=== Section Start ===

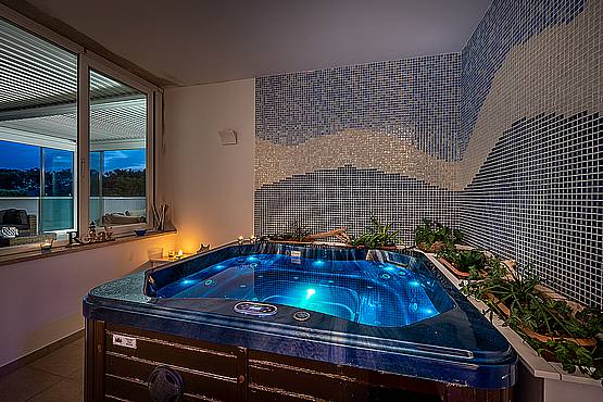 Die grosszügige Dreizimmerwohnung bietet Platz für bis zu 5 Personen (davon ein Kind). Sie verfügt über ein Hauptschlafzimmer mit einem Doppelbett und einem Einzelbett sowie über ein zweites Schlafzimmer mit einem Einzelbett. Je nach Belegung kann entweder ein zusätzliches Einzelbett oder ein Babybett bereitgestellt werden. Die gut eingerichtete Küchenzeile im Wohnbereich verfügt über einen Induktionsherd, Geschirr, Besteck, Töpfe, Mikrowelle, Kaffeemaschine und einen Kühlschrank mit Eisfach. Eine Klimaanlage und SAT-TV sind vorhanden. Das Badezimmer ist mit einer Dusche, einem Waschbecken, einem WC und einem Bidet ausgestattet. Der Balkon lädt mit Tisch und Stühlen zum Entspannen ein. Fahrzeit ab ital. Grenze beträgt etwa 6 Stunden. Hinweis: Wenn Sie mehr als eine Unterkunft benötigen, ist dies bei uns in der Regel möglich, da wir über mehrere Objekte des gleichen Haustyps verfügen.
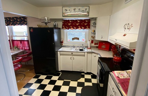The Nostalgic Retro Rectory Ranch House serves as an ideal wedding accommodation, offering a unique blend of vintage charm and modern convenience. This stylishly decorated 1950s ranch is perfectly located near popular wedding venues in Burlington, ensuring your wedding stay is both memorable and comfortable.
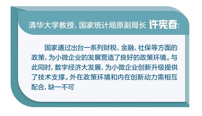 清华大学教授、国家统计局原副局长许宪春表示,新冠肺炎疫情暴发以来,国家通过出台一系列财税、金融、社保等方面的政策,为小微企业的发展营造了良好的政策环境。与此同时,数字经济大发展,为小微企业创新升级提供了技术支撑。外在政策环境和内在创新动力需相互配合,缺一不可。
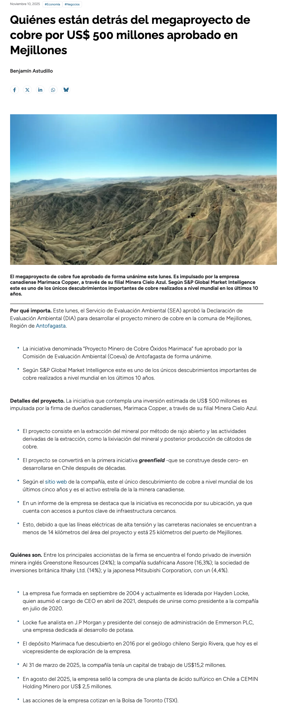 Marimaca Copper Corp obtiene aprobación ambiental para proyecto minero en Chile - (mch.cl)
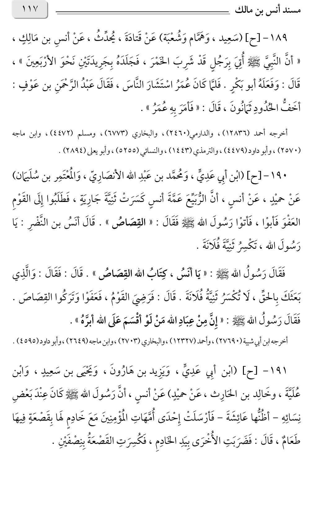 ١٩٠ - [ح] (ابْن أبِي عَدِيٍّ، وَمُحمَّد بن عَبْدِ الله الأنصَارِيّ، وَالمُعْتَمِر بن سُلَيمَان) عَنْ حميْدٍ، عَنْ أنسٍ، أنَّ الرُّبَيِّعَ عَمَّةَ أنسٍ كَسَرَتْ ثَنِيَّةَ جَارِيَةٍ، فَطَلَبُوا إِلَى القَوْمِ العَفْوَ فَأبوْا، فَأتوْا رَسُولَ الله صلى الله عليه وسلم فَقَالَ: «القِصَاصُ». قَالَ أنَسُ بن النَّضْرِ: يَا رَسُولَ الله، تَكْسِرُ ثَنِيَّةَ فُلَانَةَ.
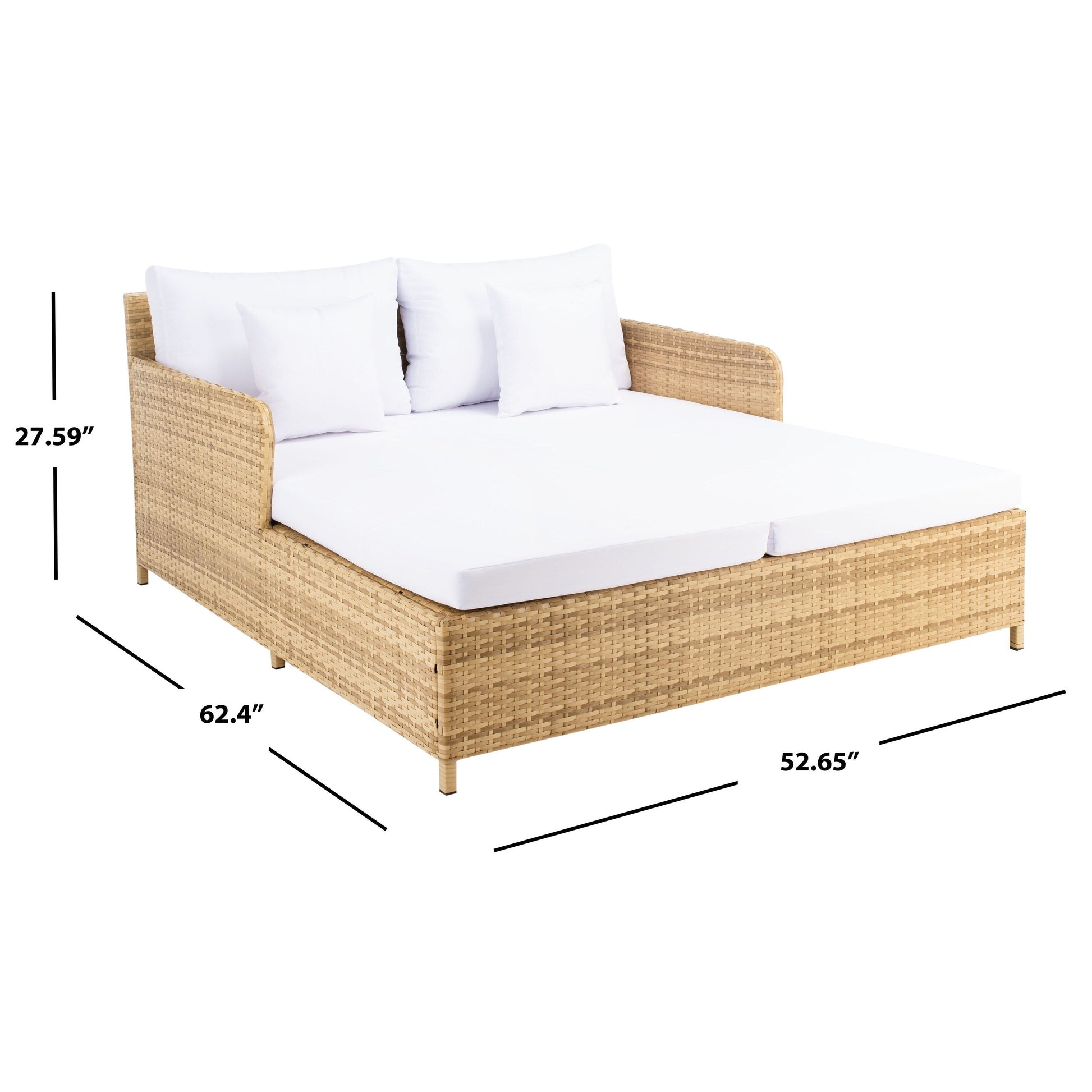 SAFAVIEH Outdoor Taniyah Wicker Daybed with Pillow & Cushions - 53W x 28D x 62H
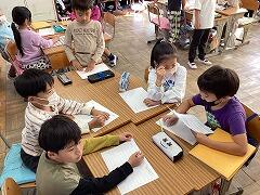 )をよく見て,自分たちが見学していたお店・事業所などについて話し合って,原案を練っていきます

=== Section End ===

Task objective: An exact copy of all entries is needed, with no pictures in it.

Answer for the task:
 Die grosszügige Dreizimmerwohnung bietet Platz für bis zu 5 Personen (davon ein Kind). Sie verfügt über ein Hauptschlafzimmer mit einem Doppelbett und einem Einzelbett sowie über ein zweites Schlafzimmer mit einem Einzelbett. Je nach Belegung kann entweder ein zusätzliches Einzelbett oder ein Babybett bereitgestellt werden. Die gut eingerichtete Küchenzeile im Wohnbereich verfügt über einen Induktionsherd, Geschirr, Besteck, Töpfe, Mikrowelle, Kaffeemaschine und einen Kühlschrank mit Eisfach. Eine Klimaanlage und SAT-TV sind vorhanden. Das Badezimmer ist mit einer Dusche, einem Waschbecken, einem WC und einem Bidet ausgestattet. Der Balkon lädt mit Tisch und Stühlen zum Entspannen ein. Fahrzeit ab ital. Grenze beträgt etwa 6 Stunden. Hinweis: Wenn Sie mehr als eine Unterkunft benötigen, ist dies bei uns in der Regel möglich, da wir über mehrere Objekte des gleichen Haustyps verfügen.
The Nostalgic Retro Rectory Ranch House serves as an ideal wedding accommodation, offering a unique blend of vintage charm and modern convenience. This stylishly decorated 1950s ranch is perfectly located near popular wedding venues in Burlington, ensuring your wedding stay is both memorable and comfortable.
 清华大学教授、国家统计局原副局长许宪春表示,新冠肺炎疫情暴发以来,国家通过出台一系列财税、金融、社保等方面的政策,为小微企业的发展营造了良好的政策环境。与此同时,数字经济大发展,为小微企业创新升级提供了技术支撑。外在政策环境和内在创新动力需相互配合,缺一不可。
 Marimaca Copper Corp obtiene aprobación ambiental para proyecto minero en Chile - (mch.cl)
 ١٩٠ - [ح] (ابْن أبِي عَدِيٍّ، وَمُحمَّد بن عَبْدِ الله الأنصَارِيّ، وَالمُعْتَمِر بن سُلَيمَان) عَنْ حميْدٍ، عَنْ أنسٍ، أنَّ الرُّبَيِّعَ عَمَّةَ أنسٍ كَسَرَتْ ثَنِيَّةَ جَارِيَةٍ، فَطَلَبُوا إِلَى القَوْمِ العَفْوَ فَأبوْا، فَأتوْا رَسُولَ الله صلى الله عليه وسلم فَقَالَ: «القِصَاصُ». قَالَ أنَسُ بن النَّضْرِ: يَا رَسُولَ الله، تَكْسِرُ ثَنِيَّةَ فُلَانَةَ.
 SAFAVIEH Outdoor Taniyah Wicker Daybed with Pillow & Cushions - 53W x 28D x 62H
 )をよく見て,自分たちが見学していたお店・事業所などについて話し合って,原案を練っていきます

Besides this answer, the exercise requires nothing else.